Through seven innings in Wednesday afternoon's game against the Blue Jays, Joe Mauer was 2-for-3 with a walk. That's a .750 on-base percentage for the slumping Mauer, and if he could keep that up for the rest of the season he would be the MVP.
But most of us understand those numbers are what we call a "small sample size" -- a sometimes relevant set of data, but numbers that nonetheless can't be extrapolated to inform us of a trend.
In the larger context, Mauer is having a poor season. But his diminished output only represents about 5 percent of his career at-bats. Are these two-plus months of Mauer still a small sample size?
We asked the honest question on Twitter: when does a small sample size for a hitter magically become an adequate sample size? Because while most of us like to toss around the "small sample size" phrase these days, very few of us are actually well-versed in what it means.

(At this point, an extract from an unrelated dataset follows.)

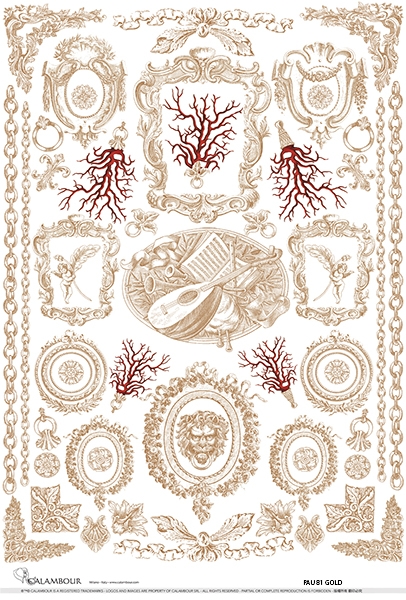 A3-s méretű rizspapír, gyönyörű, filigrán arany füstfóliás részletekkel, découpage technikához. Felragasztásához a Découpage Plus ragasztót használd, a kész munkát vízbázisú akril lakkal védd le.

Here is the ENTIRE SAMPLE SIZE of the responses to our second tweet:
The most consistent response to that and a previous tweet pointed us to Fangraphs, which has attempted to tackle this very question. A study suggests the following benchmarks "when certain statistics stabilize for individual hitters":
50 PA: Swing % 100 PA: Contact Rate 150 PA: Strikeout Rate, Line Drive Rate, Pitches/PA 200 PA: Walk Rate, Groundball Rate, GB/FB 250 PA: Flyball Rate 300 PA: Home Run Rate, HR/FB 500 PA: OBP, SLG, OPS, 1B Rate, Popup Rate 550 PA: ISO
In essence, the size of a relative sample is relative to what you're measuring. With someone like Josmil Pinto, with limited career at-bats, this is fairly cut and dried. With Mauer, though, it's still complicated. Do we choose to believe the greater sample -- more than 5,000 career plate appearances, which suggest Mauer is a very good hitter -- or the smaller but still relevant sample size from this season?
That's the crux of the Mauer debate.